Write all of the entries out again exactly, but not the images.

================

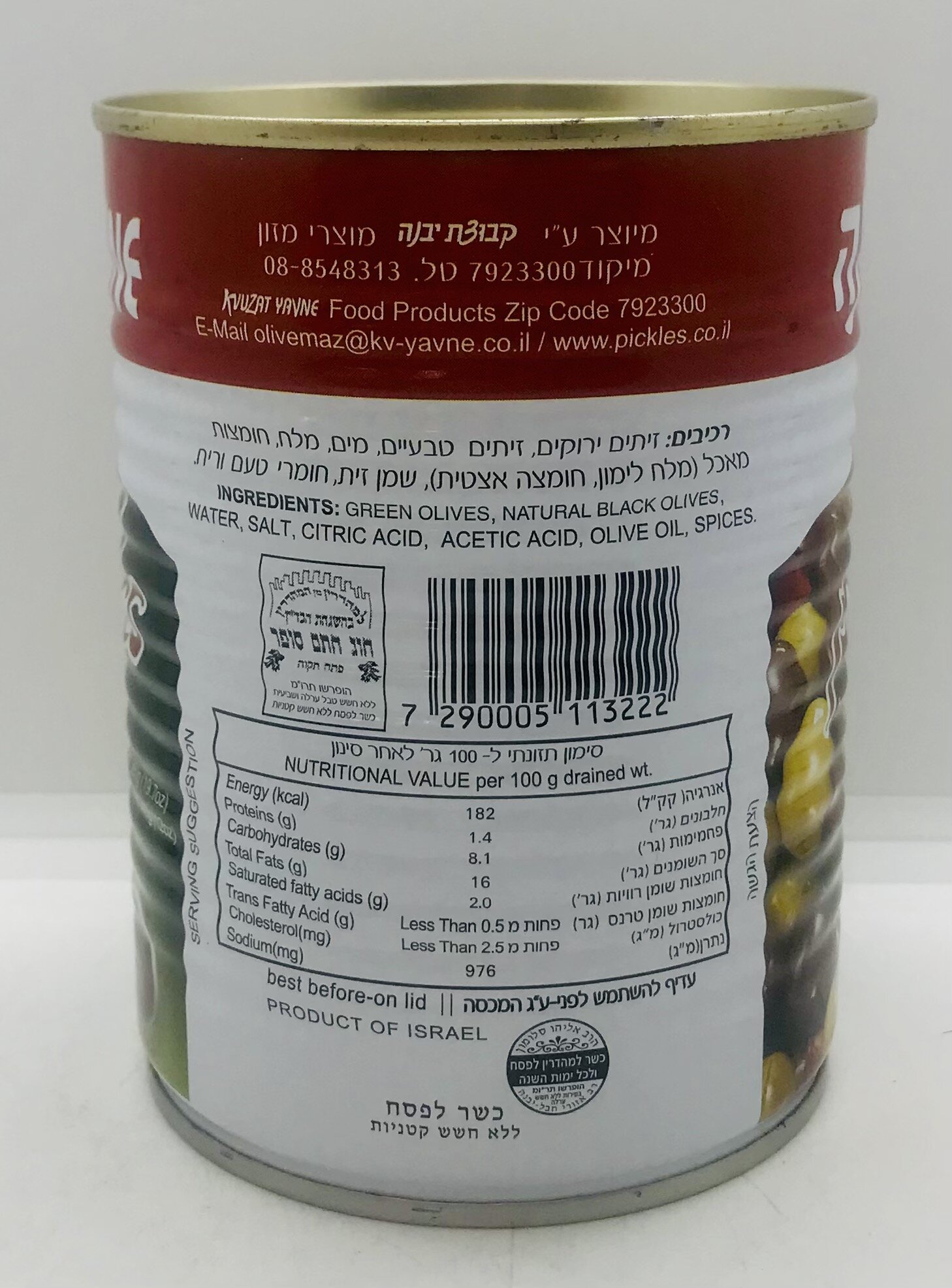 Green olives, natural black olives, water, salt, citric acid, acetic acid, olive oil, spices.
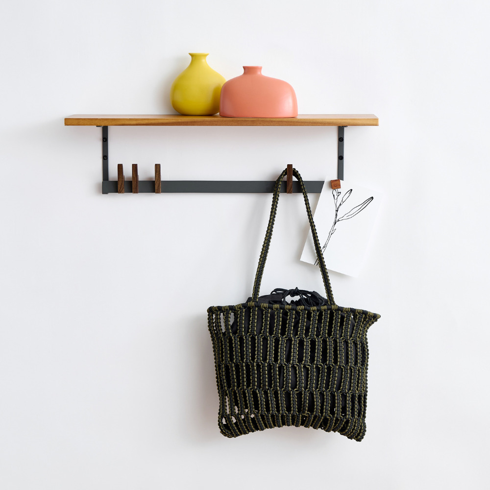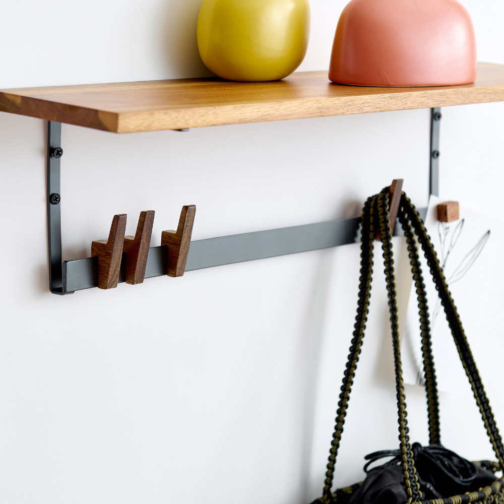木のフックが優しく調和する ベントバーシェルフ
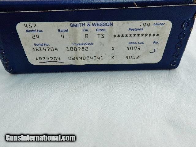 Description: This is a Smith Wesson 24 44 special with a 4 inch barrel. This gun is 100% new in the box. Serial # is ABZ47xx. Buyer pays 35.00 shipping. Thank you. 39-5-14 SOLD |
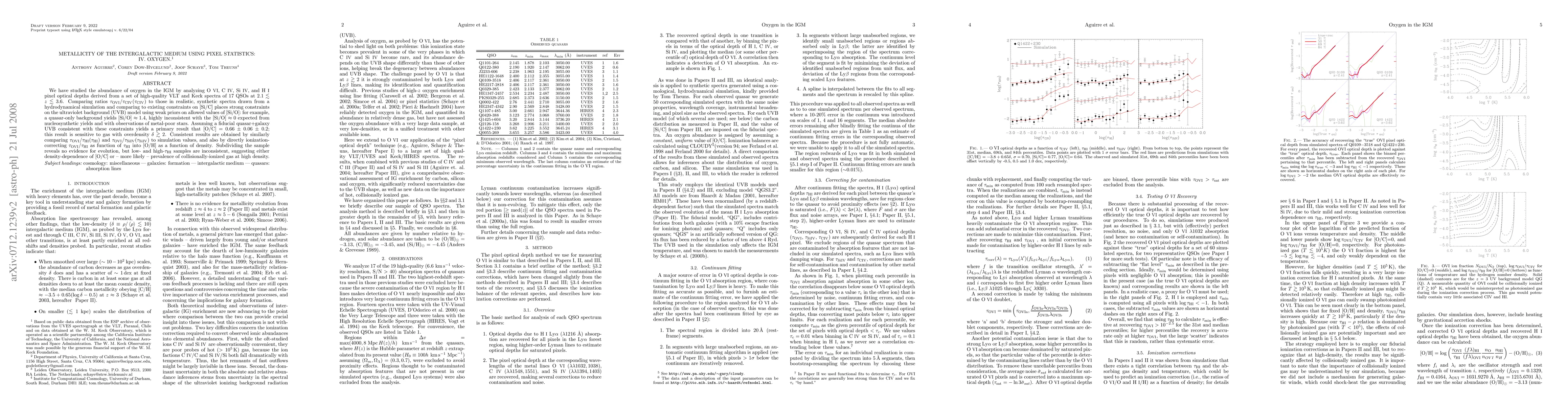 This study analyzes oxygen abundance in the intergalactic medium (IGM) using high-quality spectra from VLT and Keck telescopes. It finds [O/C] = 0.66 +/- 0.06 +/- 0.2, inconsistent with quasar-only UVB models. Results suggest density-dependence of [O/C] or prevalence of collisionally-ionized gas at high density, with no evidence for evolution in subdivided samples.
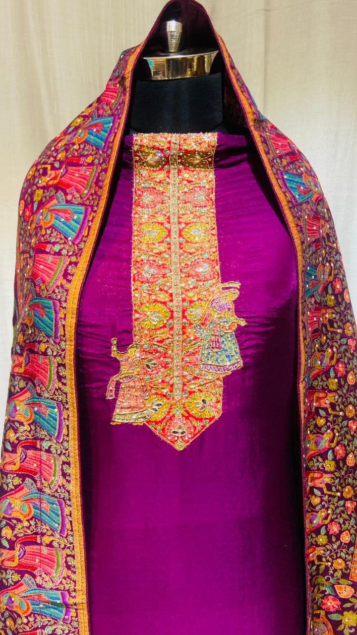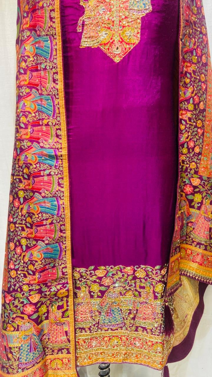 Silk Fabric Wine Colour Attractive Designer Party wear Suit
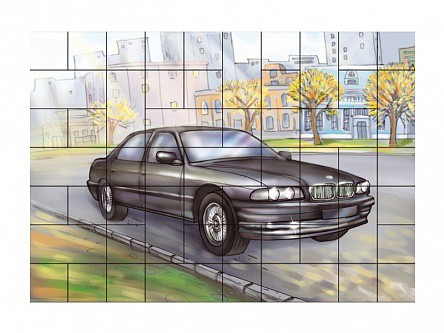 Магнитный пазл представляет собой игру-головоломку, в которой требуется составить мозаику из множества фрагментов рисунка автомобиля различной формы, выполненных в виде магнитов.
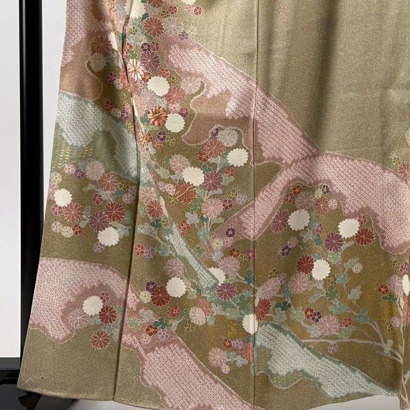 京友禅作家である松井青々の作品でございます。 気品たっぷりにお召し頂ける素敵な訪問着です。 上品な華やぎを求められるパーティーや、品格が求められるお席などにお使い頂けます。 身丈を+1.5cm程、現在の長さから伸ばせます。 裄丈はこれ以上伸ばすことができません。 表地所々に金彩の変色がございます。 胴裏に点シミがございます。 リユース品としては良い状態で、まだまだご活用頂けると思われます。 ※なお、厳しく商品の状態確認を行っておりますが、記載の汚れ以外にも見落とし箇所がある可能性がある旨ご了承いただけますと幸いです。 沢山の商品の中からご覧いただき誠にありがとうございます。 【PR2】
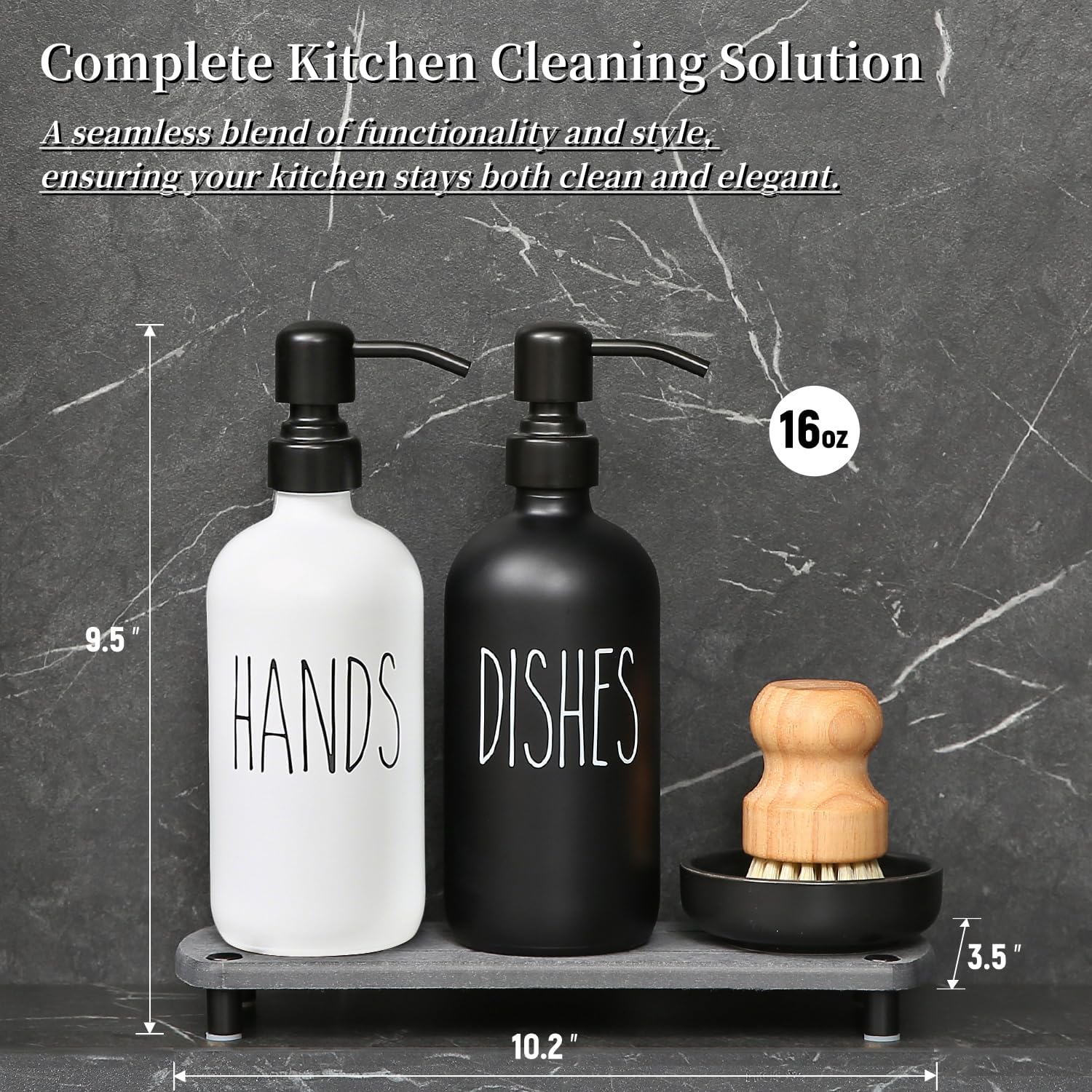 • [Complete Kitchen Cleaning Solution] This set includes one dish soap bottle, one hand soap bottle, a kitchen dish brush, and a ceramic brush holder, all neatly arranged on a stone drying tray.
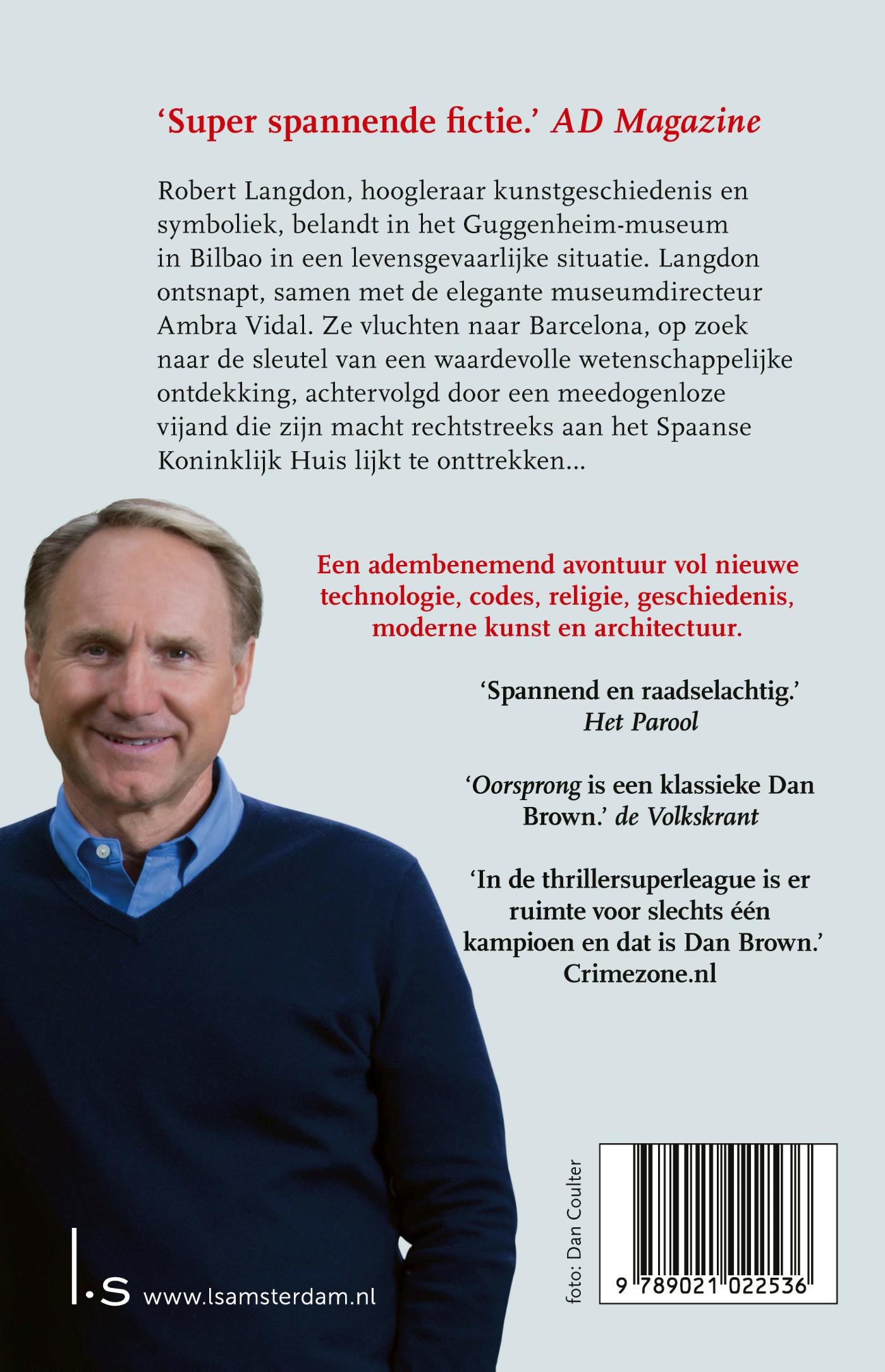 Oorsprong is deel 5 in de Robert Langdon-serie van Dan Brown, de populairste thrillerschrijver ter wereld. Oorsprong speelt zich af in Madrid, Barcelona, Bilbao en Sevilla, zit vol moderne kunst, innovatieve technologie, geschiedenis en architectuur en draait om de belangrijkste vragen ooit: die naar onze herkomst en onze toekomst.
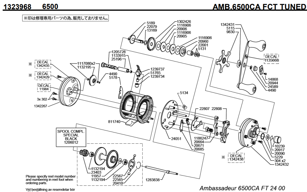 【アブ純正お取り寄せパーツ:納期1ヶ月】Ambassadeur 6500CA Factory Tuned 製品コード:1323968

================

> [Final answer]
 Green olives, natural black olives, water, salt, citric acid, acetic acid, olive oil, spices.
木のフックが優しく調和する ベントバーシェルフ
 Description: This is a Smith Wesson 24 44 special with a 4 inch barrel. This gun is 100% new in the box. Serial # is ABZ47xx. Buyer pays 35.00 shipping. Thank you. 39-5-14 SOLD |
 This study analyzes oxygen abundance in the intergalactic medium (IGM) using high-quality spectra from VLT and Keck telescopes. It finds [O/C] = 0.66 +/- 0.06 +/- 0.2, inconsistent with quasar-only UVB models. Results suggest density-dependence of [O/C] or prevalence of collisionally-ionized gas at high density, with no evidence for evolution in subdivided samples.
 Silk Fabric Wine Colour Attractive Designer Party wear Suit
 Магнитный пазл представляет собой игру-головоломку, в которой требуется составить мозаику из множества фрагментов рисунка автомобиля различной формы, выполненных в виде магнитов.
 京友禅作家である松井青々の作品でございます。 気品たっぷりにお召し頂ける素敵な訪問着です。 上品な華やぎを求められるパーティーや、品格が求められるお席などにお使い頂けます。 身丈を+1.5cm程、現在の長さから伸ばせます。 裄丈はこれ以上伸ばすことができません。 表地所々に金彩の変色がございます。 胴裏に点シミがございます。 リユース品としては良い状態で、まだまだご活用頂けると思われます。 ※なお、厳しく商品の状態確認を行っておりますが、記載の汚れ以外にも見落とし箇所がある可能性がある旨ご了承いただけますと幸いです。 沢山の商品の中からご覧いただき誠にありがとうございます。 【PR2】
 • [Complete Kitchen Cleaning Solution] This set includes one dish soap bottle, one hand soap bottle, a kitchen dish brush, and a ceramic brush holder, all neatly arranged on a stone drying tray.
 Oorsprong is deel 5 in de Robert Langdon-serie van Dan Brown, de populairste thrillerschrijver ter wereld. Oorsprong speelt zich af in Madrid, Barcelona, Bilbao en Sevilla, zit vol moderne kunst, innovatieve technologie, geschiedenis en architectuur en draait om de belangrijkste vragen ooit: die naar onze herkomst en onze toekomst.
 【アブ純正お取り寄せパーツ:納期1ヶ月】Ambassadeur 6500CA Factory Tuned 製品コード:1323968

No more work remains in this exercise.